The one subject guaranteed to start fireworks today is children. Hence the pyrotechnics whenever Pope Francis talks of rabbits, sterility or contraception. Judging from my 16 years teaching family law, the law struggles with children too, for reasons similar to why individuals do. A church trying to figure out how to speak about marriage and family needs to understand this struggle, given that lawmakers are now considering redefining marriage—the last and most basic “place” where family law safeguards children.
The matter of children is fraught for many reasons. Children require parents to reorient their whole lives. It’s a big “ask.” Then there is the conflict of interests: adults are tempted to make decisions favoring themselves, even while they are also responsible to make decisions for children. At least they have the ties of blood, marriage or adoption to sway them toward children. Politicians making laws affecting children, however, have none of these ties, and it is their adult constituencies, not children, who vote and donate to campaigns.
Finally, children begin at sex, and the circumstances into which they are born have profound consequences for their long term well-being. But this means that adults must respect certain sexual and marital norms—norms many reject as harsh or unrealistic. And politicians are not eager to pass laws perceived to violate adults’ sexual or privacy interests.
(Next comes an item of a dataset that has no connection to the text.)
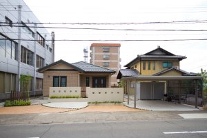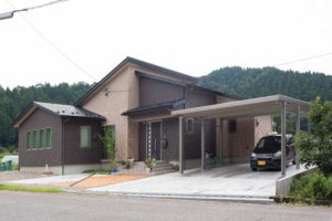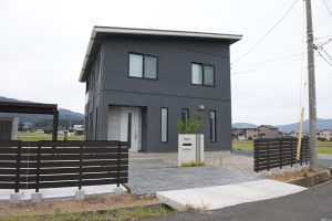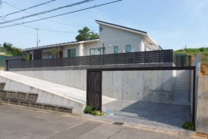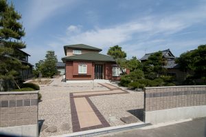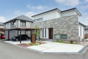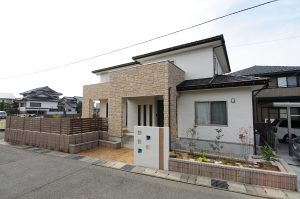 お客様のご希望によりシンプルなデザインのエクステリアです。正面からは、雨風を完全に防ぐ事の出来るカーポートや優しいラインのレンガでまとめた花壇が特徴的です。玄関に近づくと美しいガラスの入ったモニュメントにガラスの表札が入っています。夜はガラスが光り綺麗なエントランスを演出します。

Lawmakers in the United States have always attached unique incentives and processes to the forming and dissolving of marriage, on the grounds that marriage is the only union promoting the birth and rearing of children within the stable care of their parents. The legal record is clear. This rationale may be supplanted by adults’ interests, however, should lawmakers reconceive marriage as a set of adult emotional and sexual attachments, and a remedy for past discrimination against L.G.B.T. persons.
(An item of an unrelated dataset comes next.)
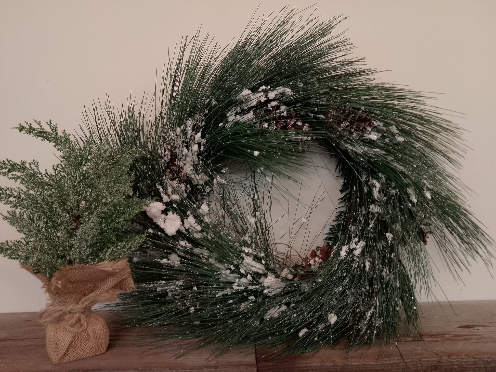 Wreath with Pine Cones/Snow

If marriage is so redefined, it would be the last act in the ongoing story told by American family law: the state’s dwindling concern to link children stably with the adults who conceived them. This is not to suggest that the state’s earlier mechanisms were perfect. It was right to abolish the disadvantaging of “illegitimate” children, even though this was intended to persuade adults toward marital children. It was also true that fault divorce was easily gamed by couples colluding to manufacture a fault.
At the same time, it was clear that adults’ interests fashioned no-fault divorce and other laws and programs dismantling protections for children. Also, little thought was given to finding new ways to do what older tools had done: protect children within their parents’ care. Even more disturbing, proponents of these new laws and customs claimed that children would be thereby better off, against common sense and without evidence. Thus proponents of no-fault divorce insisted that children would be “resilient” and even triumphant in a no-fault world because they would escape nasty home environments. Yet later evidence showed that on average divorce harms children and that most divorces did not follow notably conflictual marriages. Proponents of large-scale contraception programs and of reproductive technologies promised new happiness for women and children when all children were “intended.” Experience, however, showed that the new sex and parenting “marketplaces” created by these developments put women and children at a disadvantage.
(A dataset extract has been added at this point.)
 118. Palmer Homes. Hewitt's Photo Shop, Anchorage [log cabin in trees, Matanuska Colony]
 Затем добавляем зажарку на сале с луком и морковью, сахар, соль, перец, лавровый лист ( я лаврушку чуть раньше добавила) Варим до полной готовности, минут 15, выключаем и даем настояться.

A similar pattern characterizes the movement for same-sex marriage. Adults’ interests drive the train. Only children raised in same-sex unions are mentioned, and then only to speculate, without evidence, that recognizing the adults’ unions will indirectly improve the lives of the children. Data concerning these children’s well-being is only just emerging, however, and it is not reassuring. Further, about 85 percent of these children have legally recognized mothers and fathers (from their conception in a prior heterosexual relationship involving one of the now same-sex partners) such that legalized same-sex marriage won’t affect their parents’ situation.
Chesterton was right that the “hardest thing in Christianity” is acknowledging how much other people matter. Hardest of all is accepting our obligations to those who demand the most from us and require us to make hard choices contrary to our self-interest and current social tides—children.